- Original theatrical poster
- Directed by: Lew Landers
- Screenplay by: J. Robert Bren Edmund L. Hartmann Gladys Atwater Thomas Lennon
- Based on: Wings of Mercy by Alice B. Curtis
- Produced by: Cliff Reid
- Starring: John Beal Joan Fontaine Philip Huston
- Cinematography: J. Roy Hunt
- Edited by: Jack Hively
- Music by: Max Steiner (uncredited)
- Production company: RKO Radio Pictures
- Distributed by: RKO Radio Pictures
- Release date: April 2, 1937;
- Running time: 67 minutes
- Country: United States
- Language: English

= The Man Who Found Himself =

1937 film by Lew Landers

The Man Who Found Himself, also known as Wings of Mercy, is a 1937 American aviation film based on the unpublished story "Wings of Mercy" by Alice B. Curtis. The film marked the first starring role for 19-year-old Joan Fontaine, who was billed as the "new RKO screen personality", highlighted following the end of the film by a special "on screen" introduction. Unlike many of the period films that appeared to glorify aviation, it is a complex film, examining the motivations of both doctors and pilots.

==Plot==
Young doctor Jim Stanton has two passionate interests in conflict with each other. He is first a conscientious surgeon, but in his spare time, pursues his love of flying, a dangerous hobby that his well-intentioned father abhors. His father is a well-regarded doctor who does his best to curtail his son's flying.

When Jim crashes, his passenger, a married woman is killed. The resulting scandal prompts the hospital to put him on probation. Believing that he is innocent and wronged, Jim becomes a hobo and is arrested for vagrancy and put to work on a road crew in Los Angeles. He runs into an old pal, Dick Miller, who persuades him to take a job as a mechanic for Roberts Aviation.

On an emergency flight that turns out to be less than routine, nurse Doris King becomes suspicious of the new employee who not only can handle the controls of an aircraft, but also knows what to do in a medical emergency. Doris finds out the truth about Jim from an inquisitive newspaper reporter, "Nosey" Watson. She persuaded the company's boss to make Jim the pilot of the "aerial ambulance" airplane.

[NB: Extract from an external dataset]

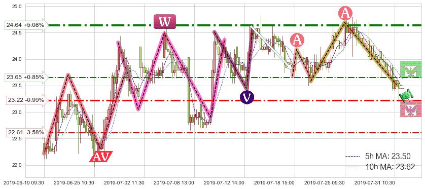 ♘ 支撑价格位23.22,可信任强度56.53%,距离最后交易2019-07-31 15:00形成的收盘价格23.45相差 -0.99%

Jim reaches a train crash ahead of other doctors, to find his injured father (a passenger, along with Doris) operating on a patient. Jim steps in to help out.

==Cast==

- John Beal as Dr. James Stanton Jr.
- Joan Fontaine as Nurse Doris King
- Phillip Huston as Richard "Dick" Miller
- Jane Walsh as Barbara Reed
- George Irving as Dr. James Stanton Sr.
- Jimmy Conlin as "Nosey" Watson
- Frank M. Thomas as Mr. Roberts
- Diana Gibson as Helen Richards
- Dwight Frye as Hysterical patient
- Billy Gilbert as Hobo

==Production==

A Lockheed Model 10 Electra configured as an ambulance aircraft appeared prominently in the film.

Although Joan Fontaine, on contract with RKO, had already made her screen appearance in No More Ladies (1935), A Million to One (1937) and Quality Street (1937), opposite Katharine Hepburn , the studio considered her a rising star, and touted The Man Who Found Himself as her first starring role. A unique "photo-play"-style introduction was placed after the end credit.

The Man Who Found Himself featured a number of Lockheed Model 10 Electras, a Ford Trimotor, and other aircraft, while a Waco also served as a camera plane for the aerial sequences. Prolific director Lew Landers, who had gained a reputation for bringing projects in on time and budget, began the production January 12, 1937 and wrapped up principal photography by February 1937. In 1937 alone, Landers also completed Danger Patrol, Living on Love, Border Cafe, You Can't Buy Luck, They Wanted to Marry and Flight from Glory (another aviation-oriented film).

AFI Catalog lists the source material as a story by Alice F. Curtis but Motion Picture Herald credits Alice B. Curtis.

==Reception==
The Man Who Found Himself received mixed reviews ranging from a caustic comment in The New York Times – "The only thing the industry could possibly do now ... is to administer anesthetic to the audience" – to flattering mentions of the rising new star, Joan Fontaine. Kate Cameron's comment in the New York Daily News was that "Miss Fontaine is as blonde as Miss [Olivia] de Havilland is dark, but she has the same charm and poise which makes her sister one of the most promising younger actresses in Hollywood."